“I have bored three holes,” said Hume; “to-morrow I will split it without doing more work.”

“It is true: white men are never content. They have been bitten by the water-beetle, and never rest.”

The next night the people in the kraals saw once again the pale globe flitting about, and as they marvelled there was a flash of fire and a dull rumbling report. The next morning, when they looked across, they saw that the Golden Rock was no more, and, with a sense of something old and familiar gone from their lives, they wailed in their sorrow.


Chapter Thirty Eight.

Better than Gold.

When Sirayo saw that no harm befell Hume for the act of sacrilege, he helped him bring the scattered fragments of the rock to the hidden valley, and when the mass of now shapeless ore was stored up, with its threads and veins of gold gleaming yellow, preparations were made to break it up. From the crowbar, after much labour about a roughly-made furnace, Hume made two great hammers, and for days he and Sirayo battered at the hard quartz, reducing it by slow degrees to small fragments.

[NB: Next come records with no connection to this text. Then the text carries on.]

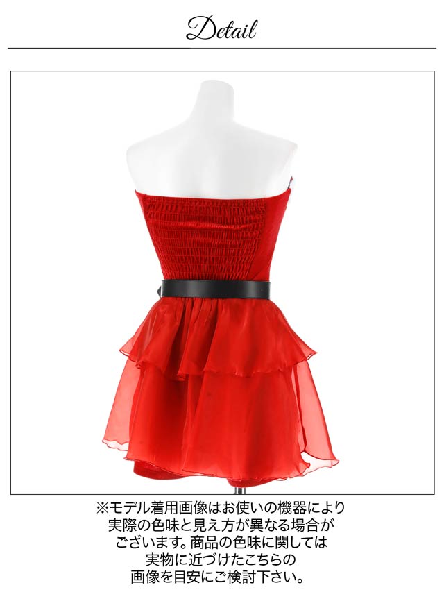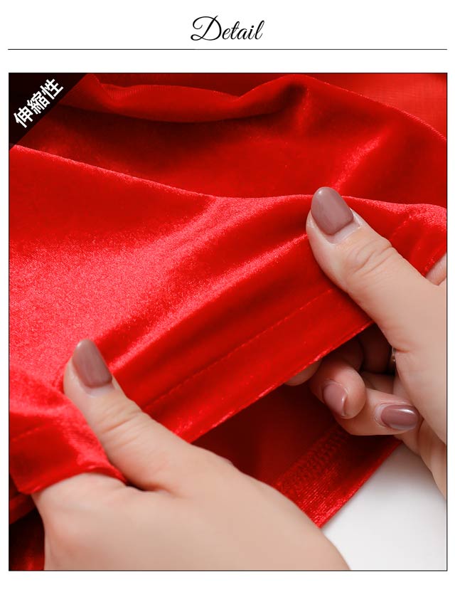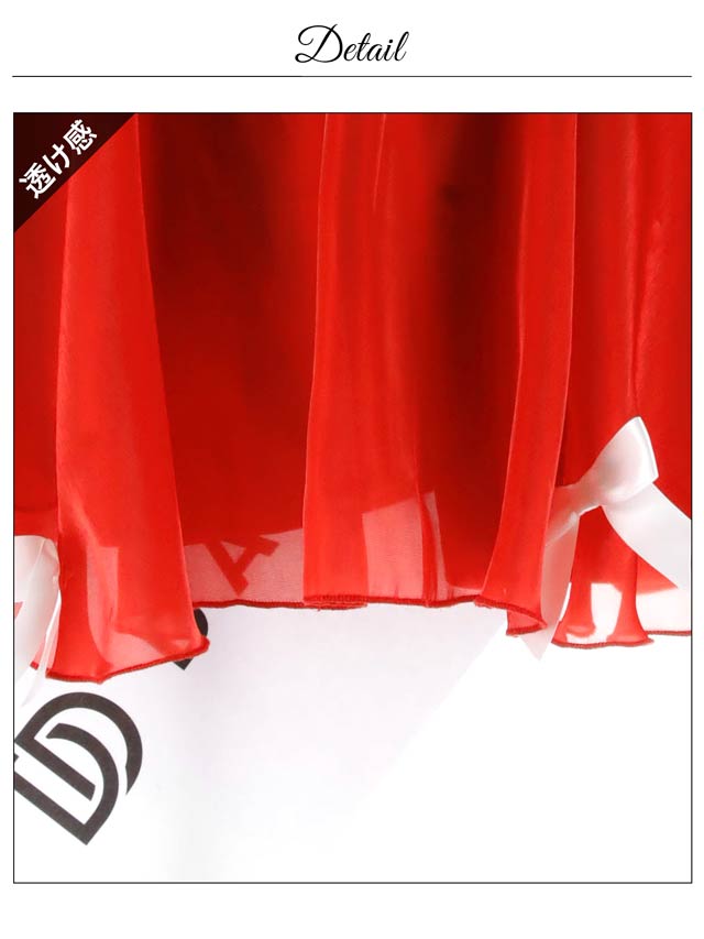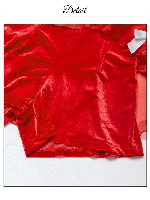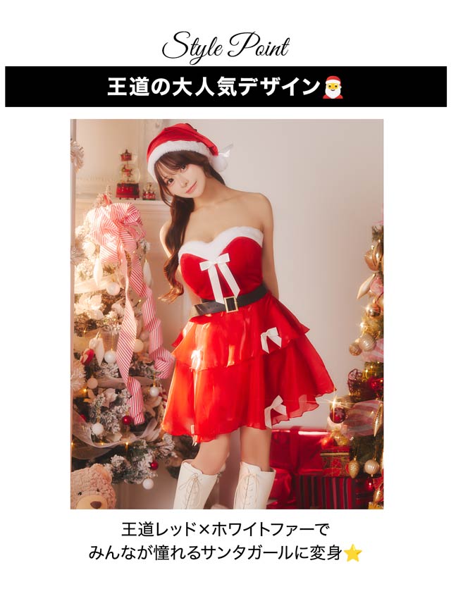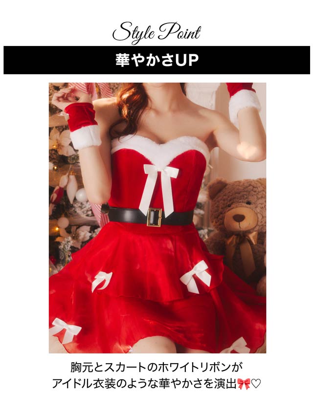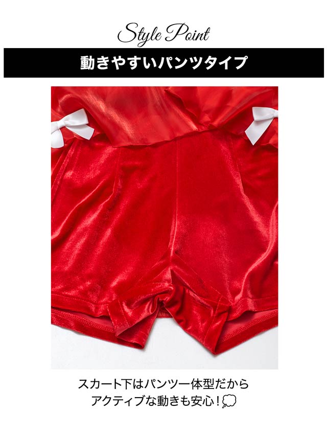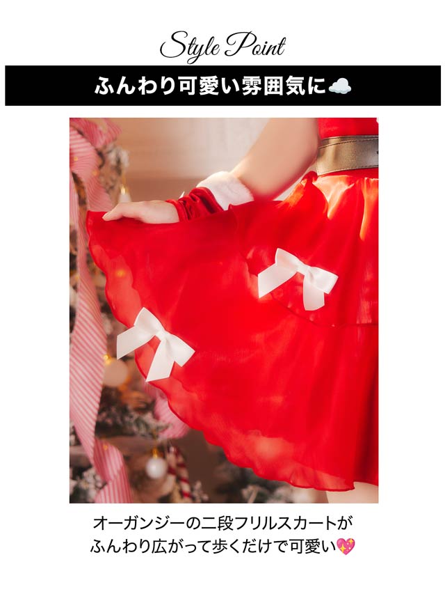 リボン&オーガンジーフリルがまるでアイドル衣装のような可愛らしいサンタコスチューム。たっぷりあしらわれたホワイトリボンにふんわり広がるオーガンジーの二段スカートが歩くだけで華やかさ抜群♪ スカート下はパンツ一体型で、ダンスやアクティブな動きも安心な1着です。
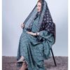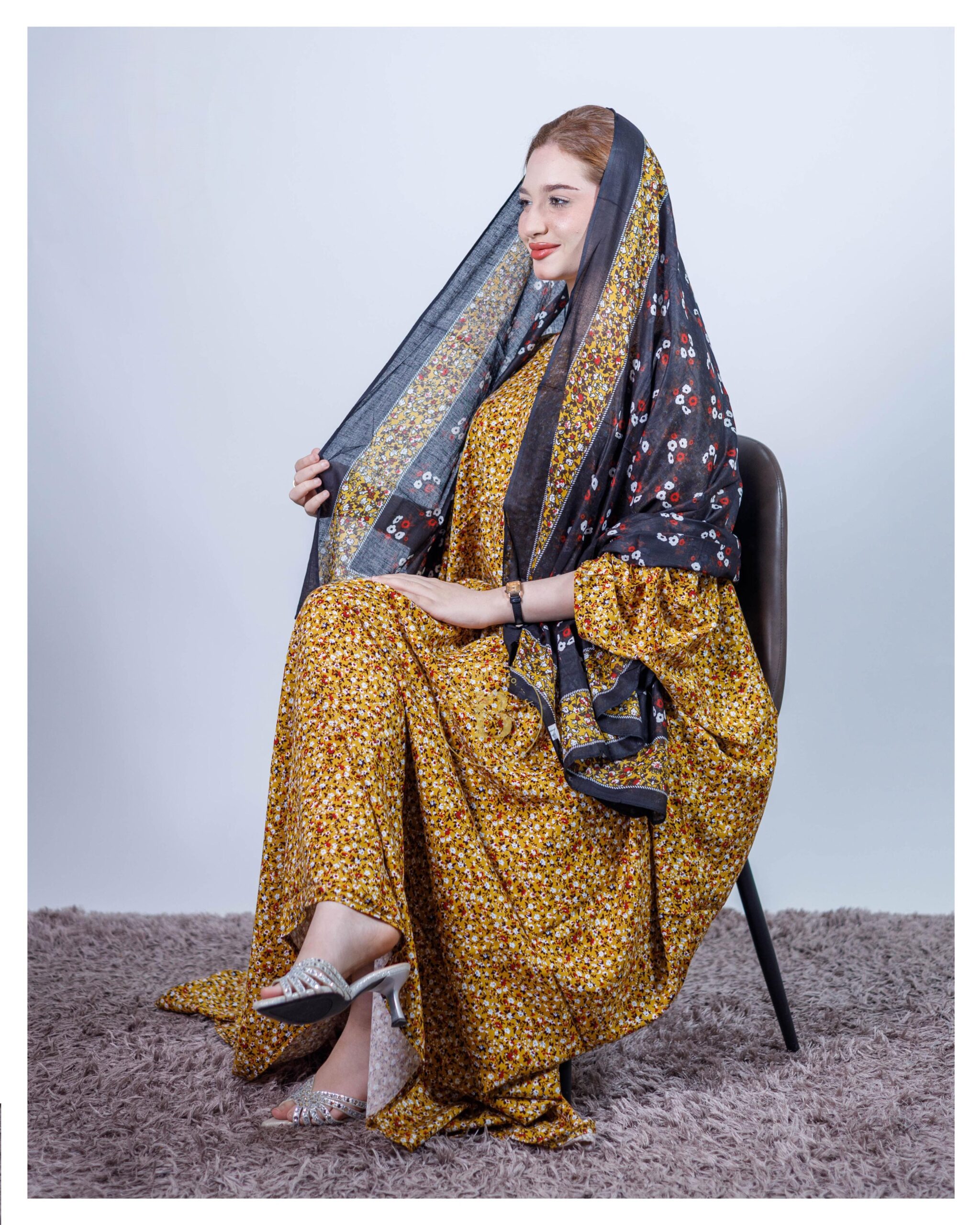 ثوب بني فاتح اللون مصنوع من القطن بتصميم زهور جميلة مطبوع عليه شيلة متناسقة مخيطة على الطراز الظفار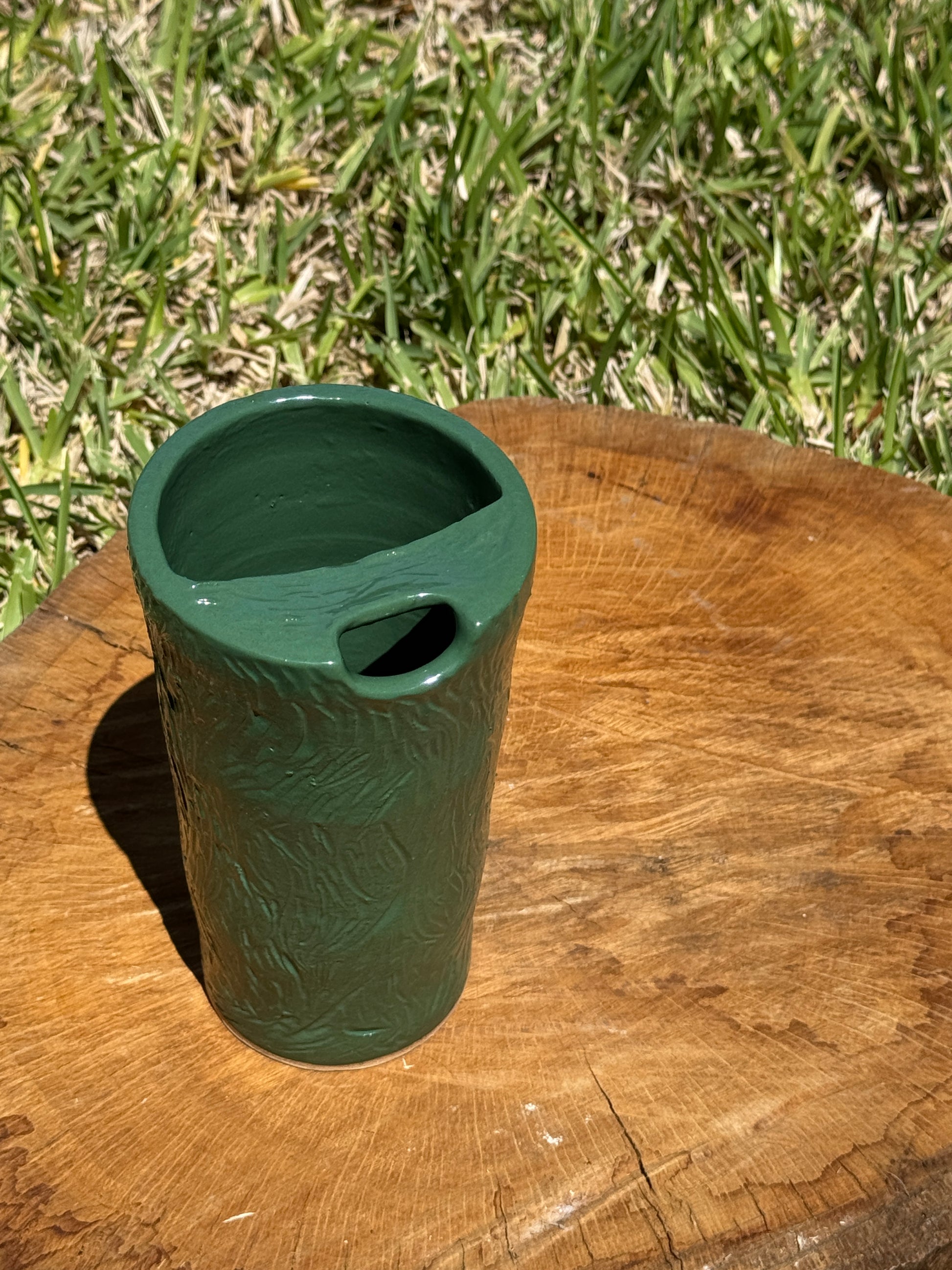 A glossy green travel mug with carved details, artisanal texture for a perfect balance of style and functionality on the go.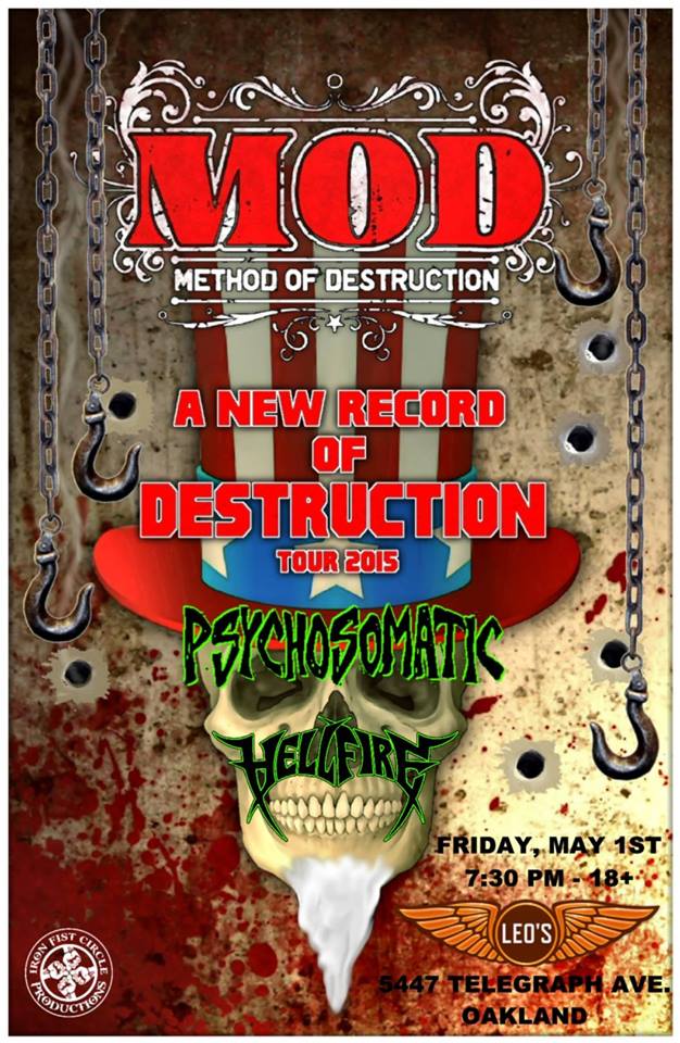 From the depths of Sacramento California the crossover thrash metal, punk rock band PSYCHOSOMATIC was twisted into form in 1988. Spewing forth chaotic blasts of jackhammer style guitar picking on top of super tight speed drumming, ripping fast bass guitar lines and ferocious vocals, spitting out lyrical topics ranging from anti-establishment social issues to horror and insanity. The Sacto thrashers barrage listeners with fast, tight, punk style energy songs into the technical darkness of metal. Psychosomatic has carved their trench in the underground thrash metal world with several US tours, leaving blistering eardrums in their wake.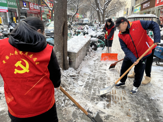 凛冽寒风中,志愿者们不畏严寒、干劲十足,手持铁锹、扫帚等工具,聚焦路口、人行道、公交站点等重点易滑区域,展开全方位、无死角的清雪除冰作业。忙碌的“国寿红”在皑皑白雪中来回穿梭。与此同时,党员志愿者主动化身“安全宣传员”,在清扫间隙耐心向过往群众、商户普及冬季出行防滑常识。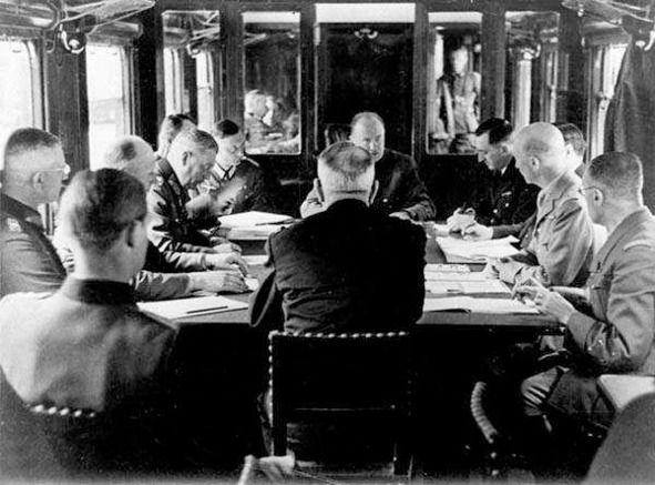 На снимке: 11 ноября 1918 года в Компьенском лесу во Франции, в железнодорожном вагоне, между странами Антанты и Германией было подписано перемирие, ставшее прологом к Версальскому мирному договору, который подвел итоги Первой мировой войны.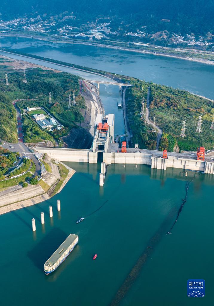 2022年9月29日,船舶有序通過(guò)三峽升船機(無(wú)人機照片)。

This work they had done on a wide flat rock, banked in so that nothing should be lost, and next, with native-made shallow dishes of baked clay, they began on the less arduous and more exciting business of washing for gold-dust. So alternately washing and crushing from week to week, they at last succeeded with their primitive methods in rescuing a vast amount of gold-dust, coarse grains, and large pellets from the mass of rich ore.

At one time they were threatened with trouble, a prying witch-doctor having braved the unknown dangers by crossing the river and surprising the little party at work. Sirayo and the old woman, setting their wits to work, managed, however, to detach Inyame, who moved over with his entire regiment, and placed himself under the chief. A fierce conflict was prevented by a meeting between Sirayo and Umkomaas, and by the time Webster was expected back a new kraal had been built about the shattered rock, and herds of cattle grazed on the rich grass.

Sirayo was now a respected chief with a royal household, the lively Noenti being the head wife.